Gérard Atlan: Cela fait 45 ans que j'achète des bijoux et c'est de plus en plus compliqué. Nous sommes dans un schéma de marketing d'offre et pas de marketing de demande. Personne n'est jamais venu me demander un bijou à image vu ailleurs. La grande question est d'assurer la rentabilité de son entreprise. Proposer du créatif engendre des stocks difficiles à rentabiliser. Je suis revenu à une offre plus commerciale. Vous avez dit que tout se vend. C'est vrai, mais tout ne se vend pas partout. La grosse difficulté dans notre métier est d'avoir un stock équilibré. Je ne suis pas d'accord de parler prix ou coefficients. L'achat d'un bijou est impliquant, compliqué, il faut l'accord de son compagnon.
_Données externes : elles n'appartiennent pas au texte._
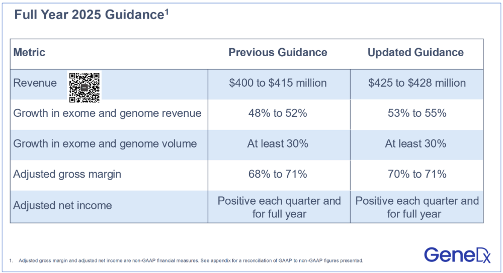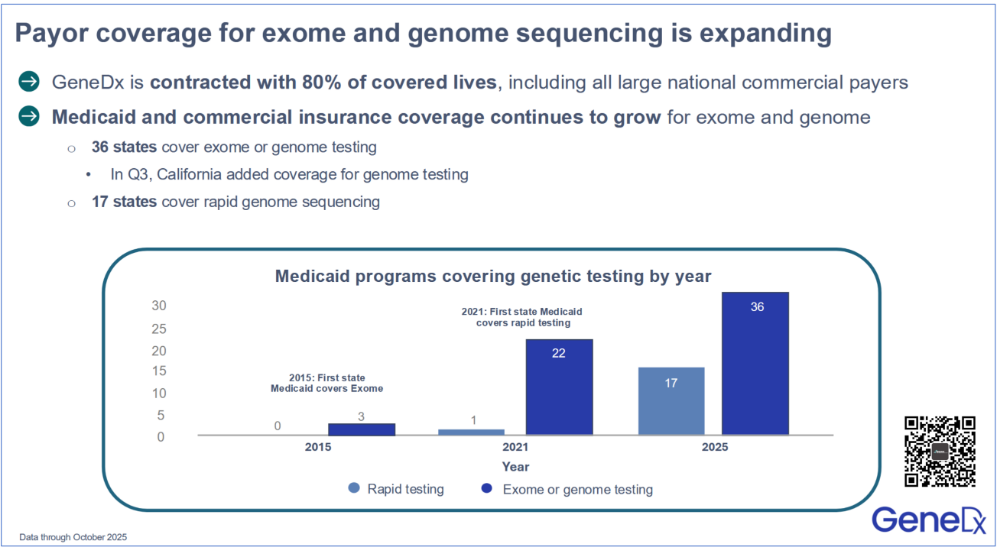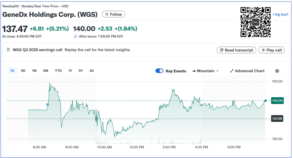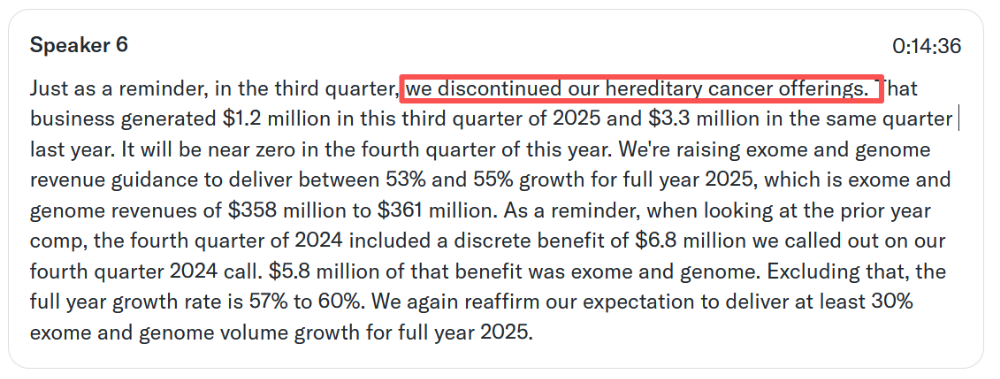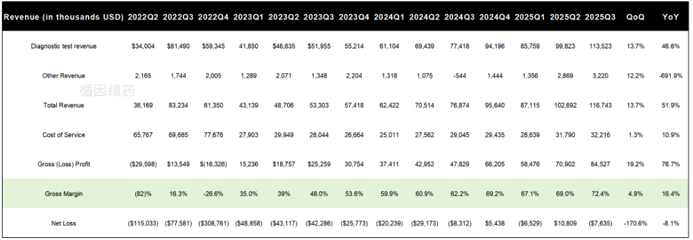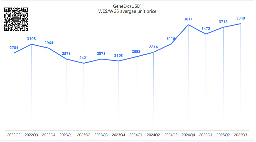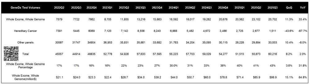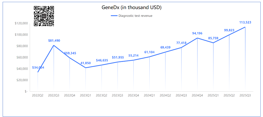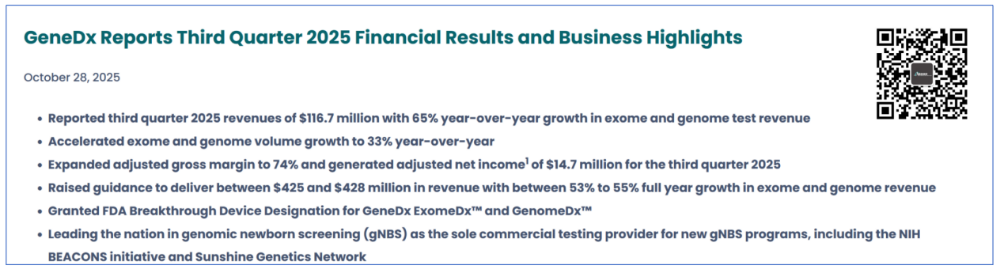 各位亲爱的股东,大家早上好中午好晚上好! 今天聊聊遗传基因检测公司GeneDx。 公司本季度营收1.167亿美元,同比增长51.9%,环比增长13.7%。其中,占主导地位的诊断业务营收1.135亿美元,同比增长46.6%,环比增长13.7%。这还不算啥,更逆天的是其WES(外显子)/WGS(全基因组)检测收入达到9890万美元,同比飙升64.8%,环比增长15.1%。可以这么说,美国新生儿WES/WGS基因检测领域GeneDx就是神!唯一的遗憾是这个季度依旧亏损,不多,也就763.6万美元。你甭管调整后的利润是不是1470万美元,按照GAAP规则下就是亏了,比上个季度差了。另外一个好消息是,GeneDx毛利率达到72.4%,创纪录的新高,为近3年最高。我们看这张表,GeneDx的WES/WGS应收增长明显快于样本量的增长。非常明显,自2023Q2达到2421美元的最低值后,GeneDx的WES/WGS服务单价就一路蹿升。到了2025Q3,这个单价已经是来到3848美元了,突破4000指日可待啊。所以,GeneDx可以狡辩下:我WGS的比例提高了,怎么能说我涨价?这是product mix的变化嘛。本次财报,GeneDx提高了全年的财务指引,将营收从4.00亿~4.15亿美元提高到4.25亿~4.28亿美元。而去年全年营收为3.023亿美元,约增长41%~42%。目前,WES/WGS医保报销的州从2025Q2报道的35个提升到36个。这还没完,GeneDx实际上还有两个可能的业绩催化剂:第一,2025年6月23日美国儿科学会(AAP)发布了更新的指导意见,现在建议在大多数情况下,将外显子组和基因组测序作为儿童全球发育迟缓(GDD)或智力障碍(ID)的首选检测方法。第二,2025年10月20日,GeneDx宣布该公司的ExomeDx全外显子产品和GenomeDx全基因组产品获得FDA突破性医疗器械认定(BDD)。总之,这几个催化剂分别会在短、中期对GeneDx的业绩起到支撑作用。GeneDx趁着这么好的机会,同步挂出了增发的公告。在经历短暂的股价波动下滑后,再次发力,当日上涨5.21%。另外,值得一提的是,在财报电话会议上GeneDx提到在第三季度已经不再继续遗传性癌症检测业务。这块业务占比较小,也更说明GeneDx将继续在新生儿/儿童遗传检测领域聚焦的决心。

Le marché est trop étroit. J'ai l'impression dans ce métier d'en savoir moins qu'il y a quarante ans.
Guy Subra: Il y a des créateurs qui créent des produits qui se vendent extrêmement bien et qui développent de bons chiffres d'affaires et de bonnes marges. Il ne faut pas non plus assimiler à la création la difficulté de vendre. Il faut faire attention à ne pas mettre dans des cases les produits de création, les produits de distributeurs, etc. Je crois que le vrai métier de bijoutier est ceci : le produit est un support à cette capacité qu'a le distributeur de donner envie au client d'acheter plus cher que prévu. Ainsi, non seulement le client fait davantage plaisir mais il se fait aussi davantage plaisir parce qu'il a fait l'effort de dépenser davantage.
Isabelle Langlois : C'est une approche tellement masculine de la chose! C'est l'une des raisons pour lesquelles le marché s'est beaucoup compliqué pour les bijoutiers. À Noël, les hommes achètent la bague à entourage vue dans la vitrine et en janvier, les femmes reviennent la changer... Aujourd'hui, votre clientèle a évolué. Elle est beaucoup plus féminine qu'avant. Or, les femmes fonctionnent au coup de coeur et restent raisonnables en même temps. Et c'est là toute la difficulté.